Your instructions:
From the listing that follows, reproduce only the lines from the one holding "reimagined V I" through the one holding "9月27日至28日,第八届全", both included, with no pictures.

Input data:
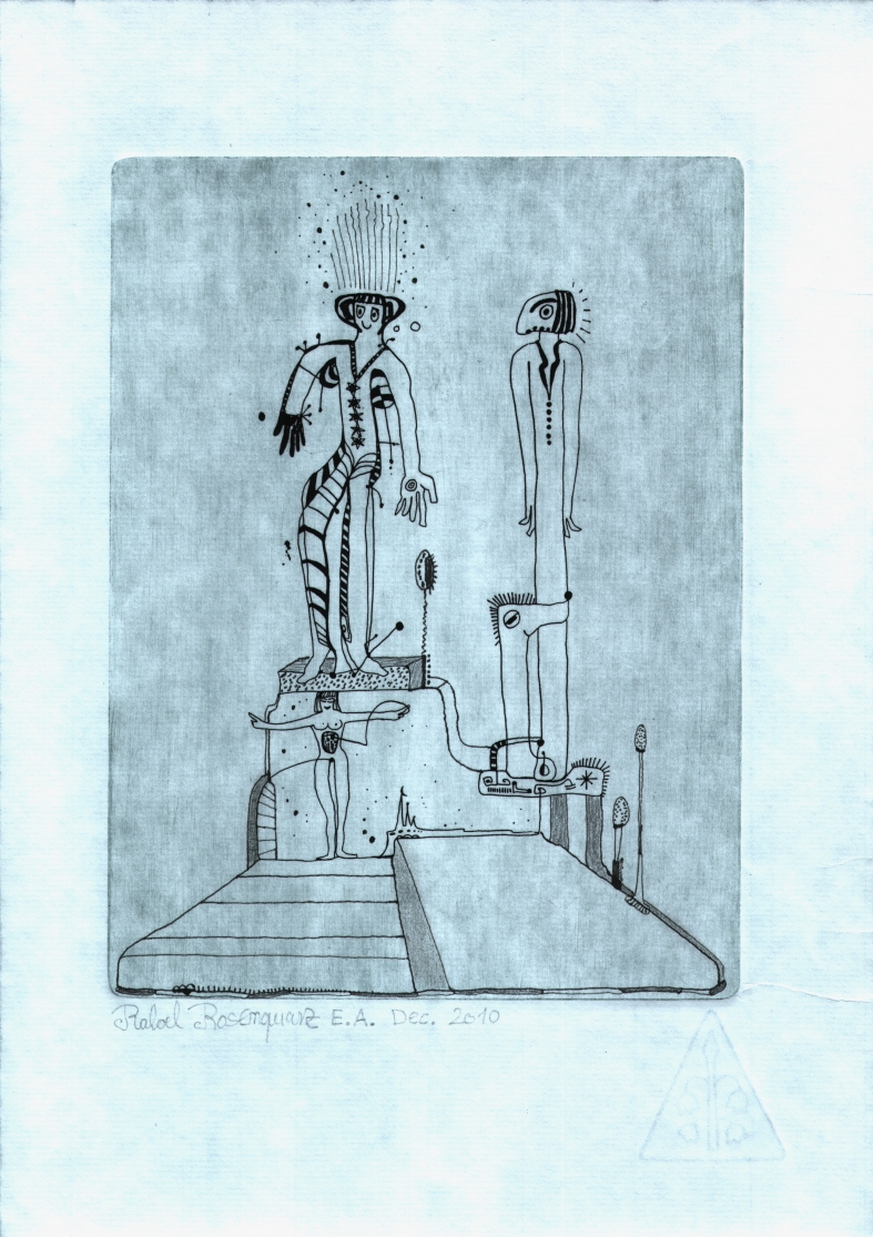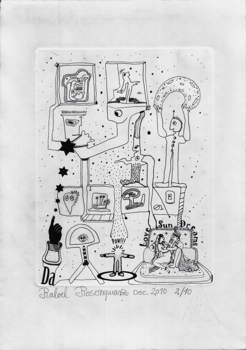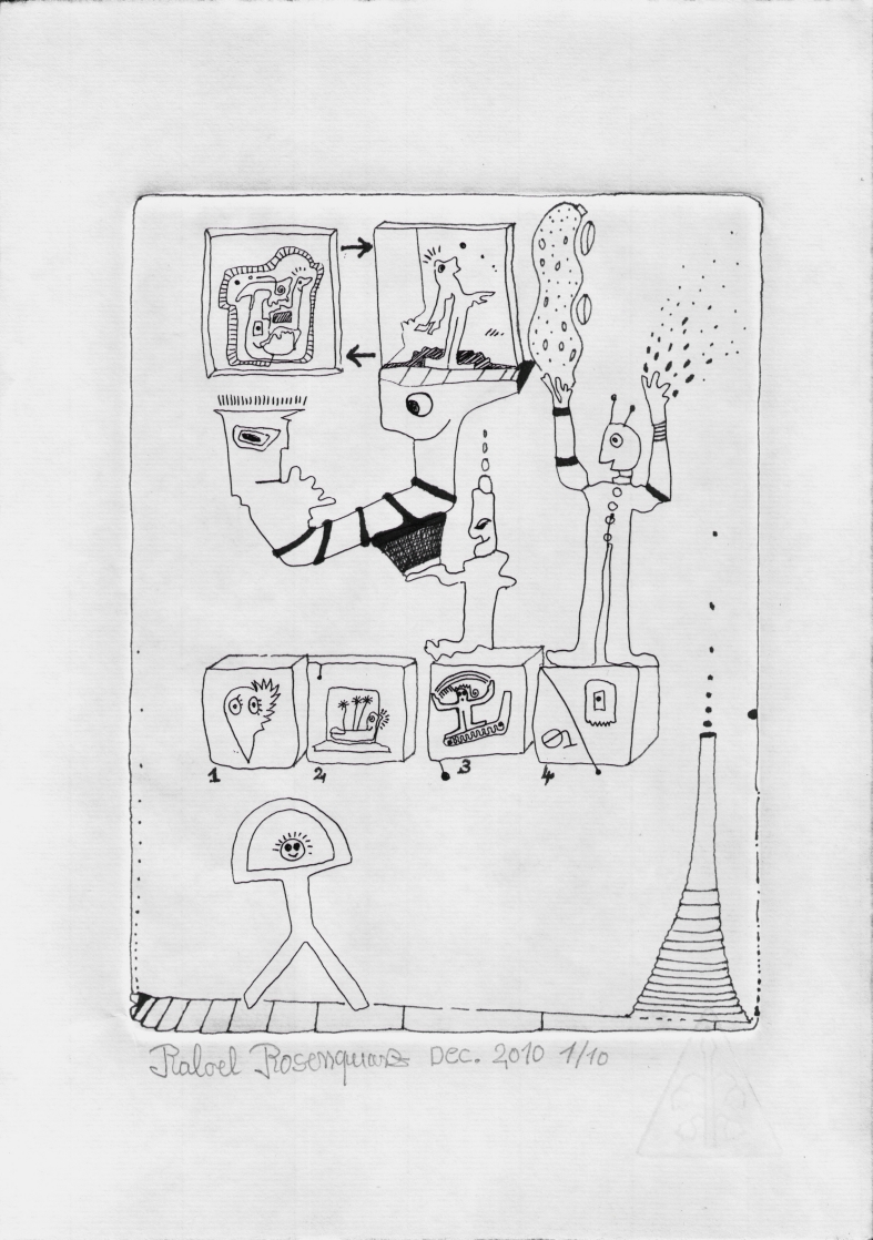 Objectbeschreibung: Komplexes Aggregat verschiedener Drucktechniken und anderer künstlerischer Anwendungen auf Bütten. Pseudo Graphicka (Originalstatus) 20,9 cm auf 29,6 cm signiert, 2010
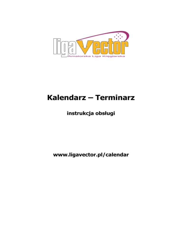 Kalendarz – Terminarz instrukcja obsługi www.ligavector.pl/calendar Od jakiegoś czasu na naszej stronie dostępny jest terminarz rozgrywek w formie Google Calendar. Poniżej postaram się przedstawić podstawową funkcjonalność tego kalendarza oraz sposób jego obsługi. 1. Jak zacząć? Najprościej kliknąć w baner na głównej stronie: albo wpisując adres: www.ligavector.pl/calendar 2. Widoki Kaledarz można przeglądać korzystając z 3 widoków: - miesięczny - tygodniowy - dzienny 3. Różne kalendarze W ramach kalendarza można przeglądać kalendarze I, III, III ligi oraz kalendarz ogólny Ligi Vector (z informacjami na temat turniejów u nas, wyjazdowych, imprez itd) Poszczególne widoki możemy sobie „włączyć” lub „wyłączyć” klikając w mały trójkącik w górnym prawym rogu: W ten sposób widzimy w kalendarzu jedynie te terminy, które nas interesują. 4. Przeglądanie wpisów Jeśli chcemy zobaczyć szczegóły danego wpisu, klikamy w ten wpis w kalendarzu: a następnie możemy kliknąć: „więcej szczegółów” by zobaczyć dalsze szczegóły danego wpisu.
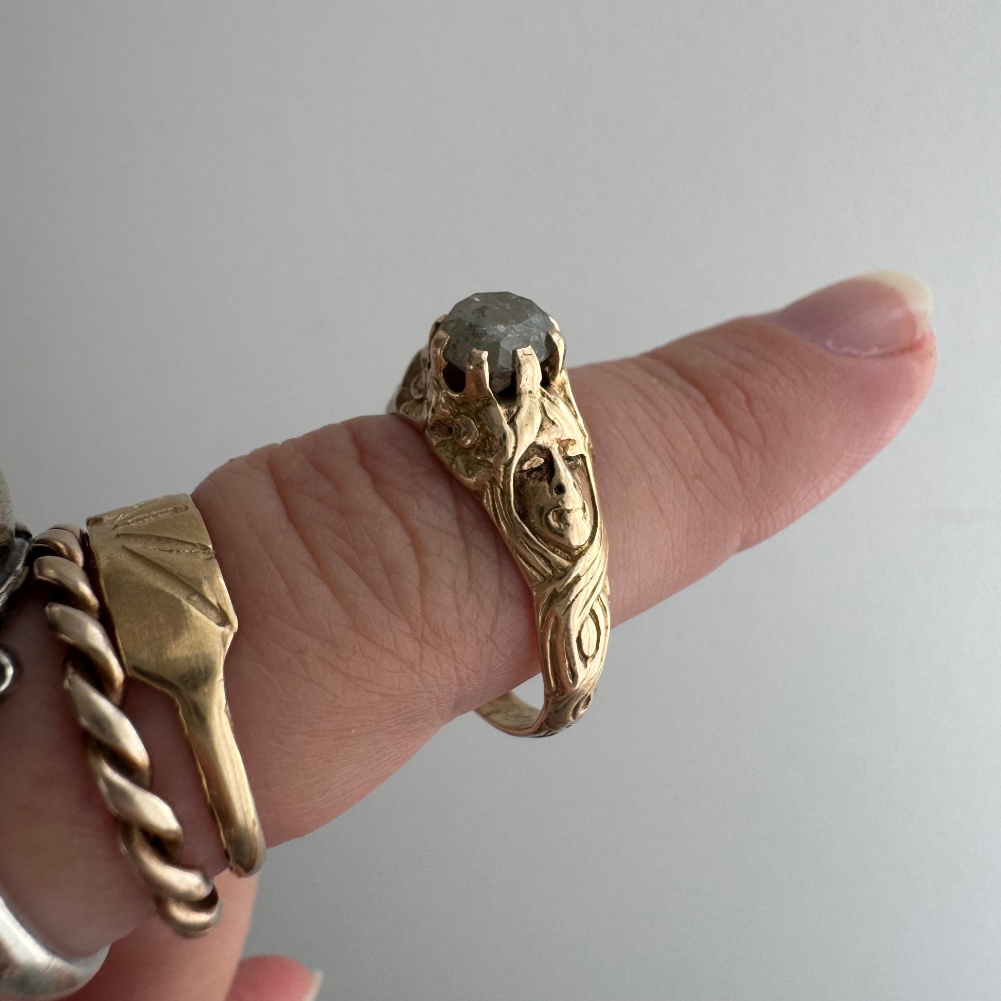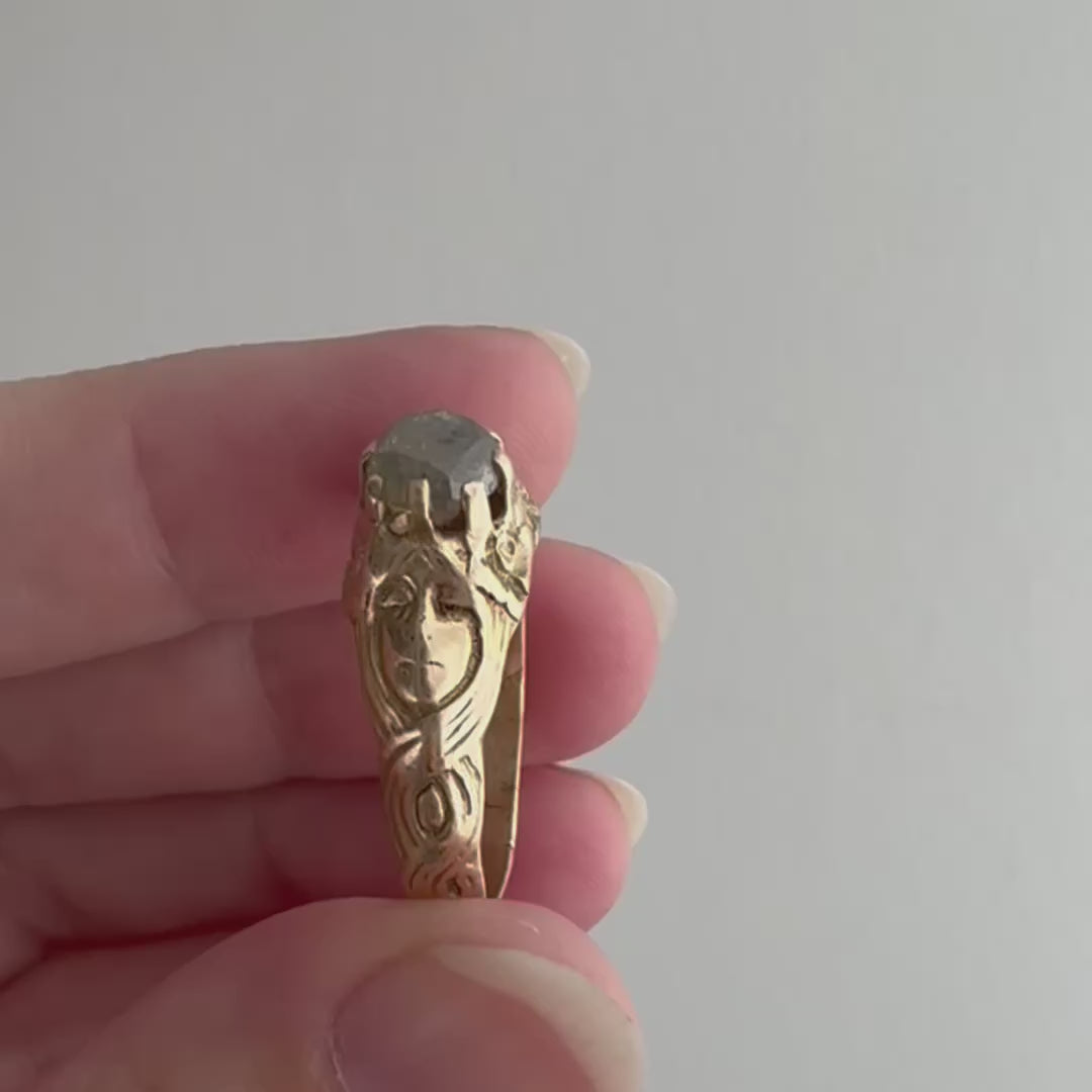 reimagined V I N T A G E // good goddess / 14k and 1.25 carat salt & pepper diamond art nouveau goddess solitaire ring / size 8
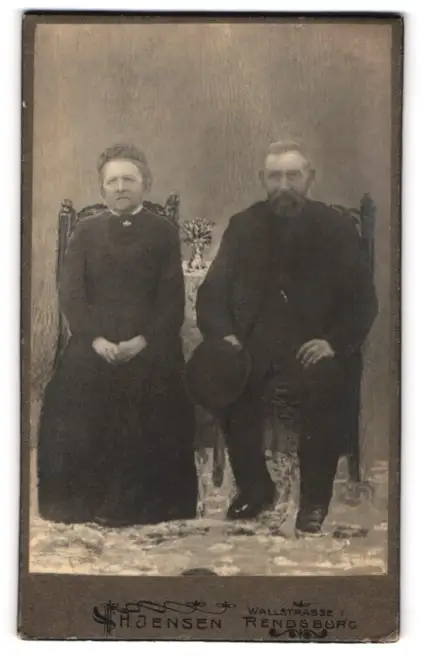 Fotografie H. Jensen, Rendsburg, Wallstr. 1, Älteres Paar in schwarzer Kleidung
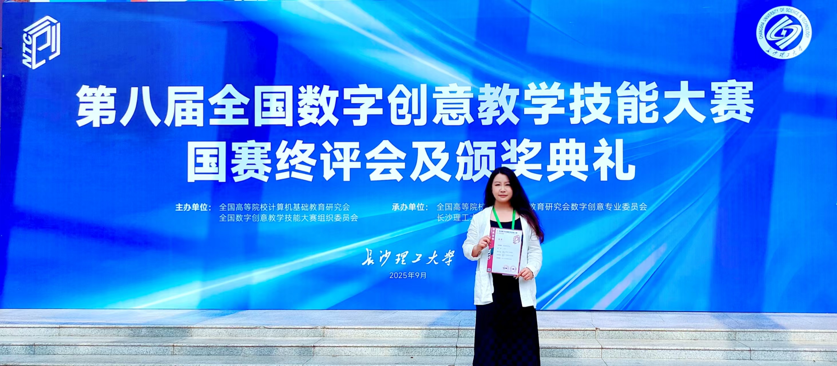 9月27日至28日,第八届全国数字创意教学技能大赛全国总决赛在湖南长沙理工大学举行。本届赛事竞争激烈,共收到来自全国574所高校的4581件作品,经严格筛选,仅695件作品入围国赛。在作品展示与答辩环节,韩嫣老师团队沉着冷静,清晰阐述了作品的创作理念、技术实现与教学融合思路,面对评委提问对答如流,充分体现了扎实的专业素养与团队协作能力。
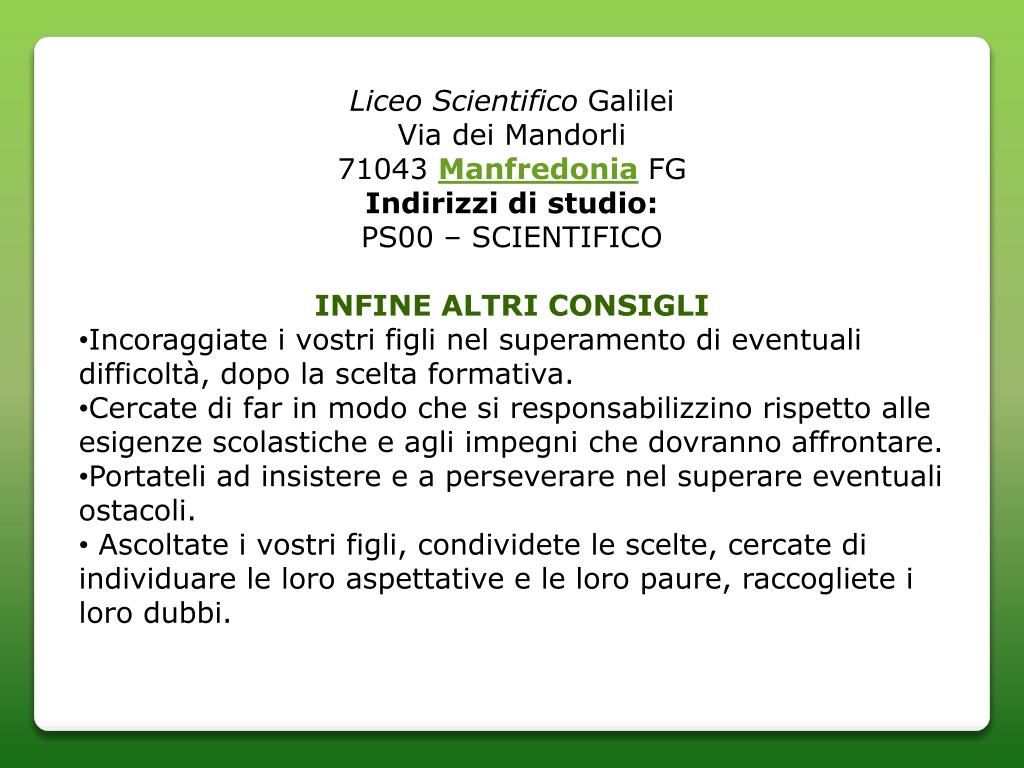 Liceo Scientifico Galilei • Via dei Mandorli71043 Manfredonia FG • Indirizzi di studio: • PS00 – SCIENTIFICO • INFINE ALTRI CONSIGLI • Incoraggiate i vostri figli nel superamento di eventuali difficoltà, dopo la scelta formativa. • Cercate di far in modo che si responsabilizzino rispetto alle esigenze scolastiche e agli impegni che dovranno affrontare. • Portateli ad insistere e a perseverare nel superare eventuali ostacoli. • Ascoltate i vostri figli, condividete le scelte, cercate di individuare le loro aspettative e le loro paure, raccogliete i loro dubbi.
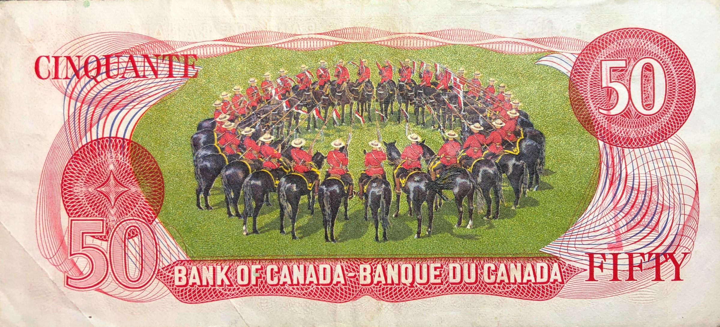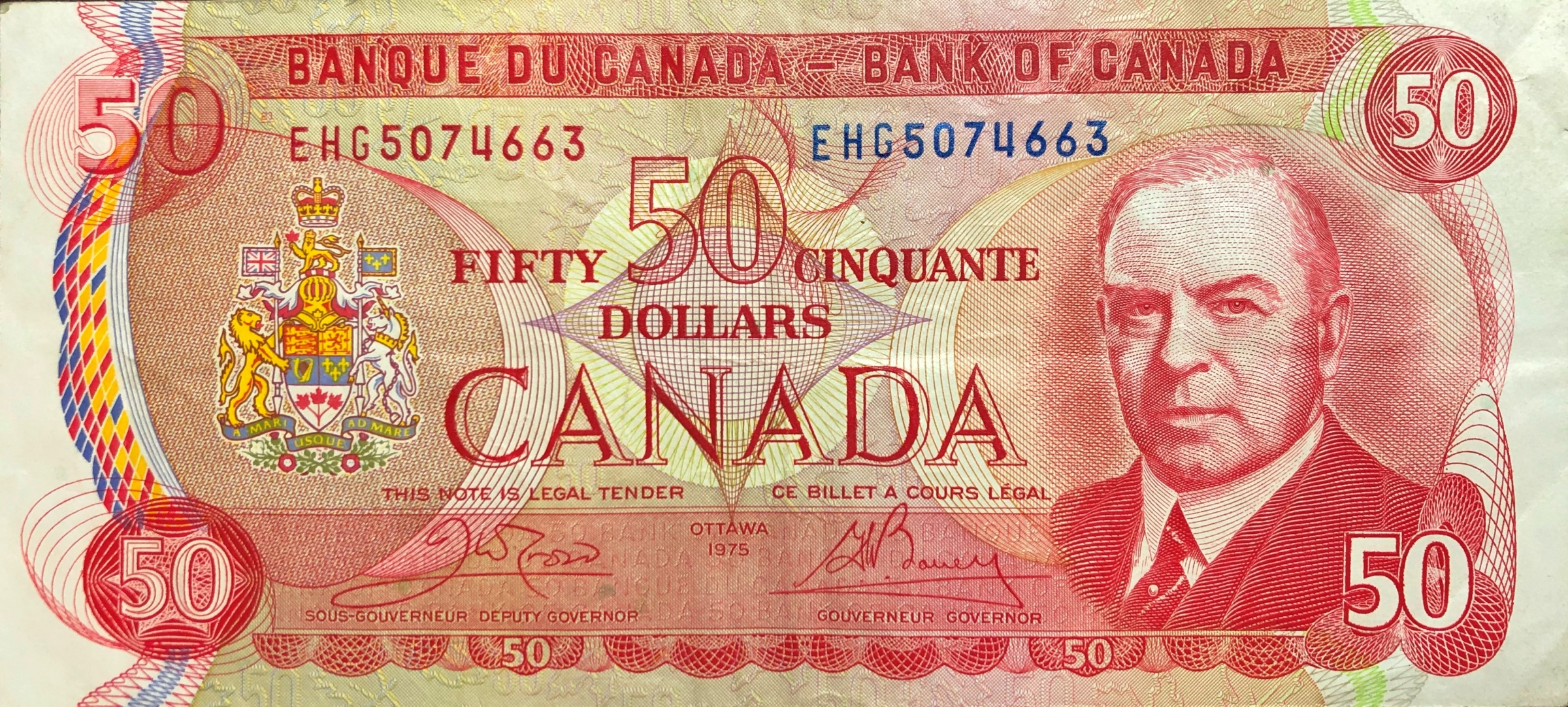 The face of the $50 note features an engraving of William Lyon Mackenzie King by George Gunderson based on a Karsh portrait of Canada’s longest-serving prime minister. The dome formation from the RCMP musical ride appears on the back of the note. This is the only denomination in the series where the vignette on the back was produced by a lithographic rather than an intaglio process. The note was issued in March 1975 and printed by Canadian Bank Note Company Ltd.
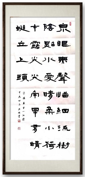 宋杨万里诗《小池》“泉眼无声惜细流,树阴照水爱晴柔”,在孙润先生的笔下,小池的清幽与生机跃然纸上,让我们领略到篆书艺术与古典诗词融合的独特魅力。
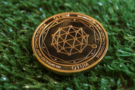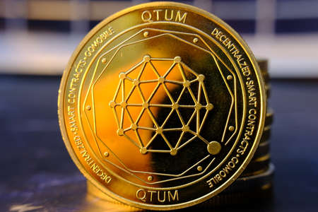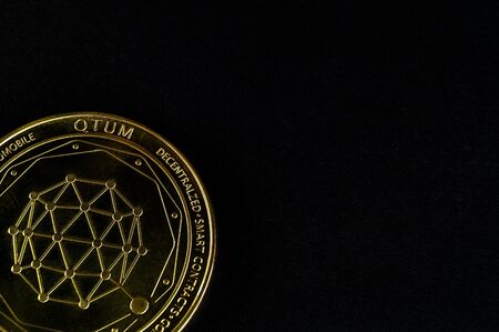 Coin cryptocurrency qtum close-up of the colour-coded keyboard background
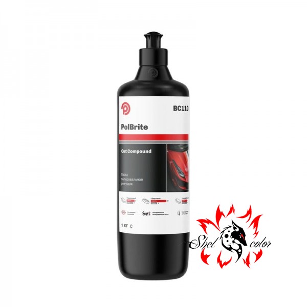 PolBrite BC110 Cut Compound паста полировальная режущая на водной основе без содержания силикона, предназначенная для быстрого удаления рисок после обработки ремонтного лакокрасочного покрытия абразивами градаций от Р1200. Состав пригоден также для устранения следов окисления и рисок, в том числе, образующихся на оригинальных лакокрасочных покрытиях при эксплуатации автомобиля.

Response below:
 reimagined V I N T A G E // good goddess / 14k and 1.25 carat salt & pepper diamond art nouveau goddess solitaire ring / size 8
 Fotografie H. Jensen, Rendsburg, Wallstr. 1, Älteres Paar in schwarzer Kleidung
 9月27日至28日,第八届全国数字创意教学技能大赛全国总决赛在湖南长沙理工大学举行。本届赛事竞争激烈,共收到来自全国574所高校的4581件作品,经严格筛选,仅695件作品入围国赛。在作品展示与答辩环节,韩嫣老师团队沉着冷静,清晰阐述了作品的创作理念、技术实现与教学融合思路,面对评委提问对答如流,充分体现了扎实的专业素养与团队协作能力。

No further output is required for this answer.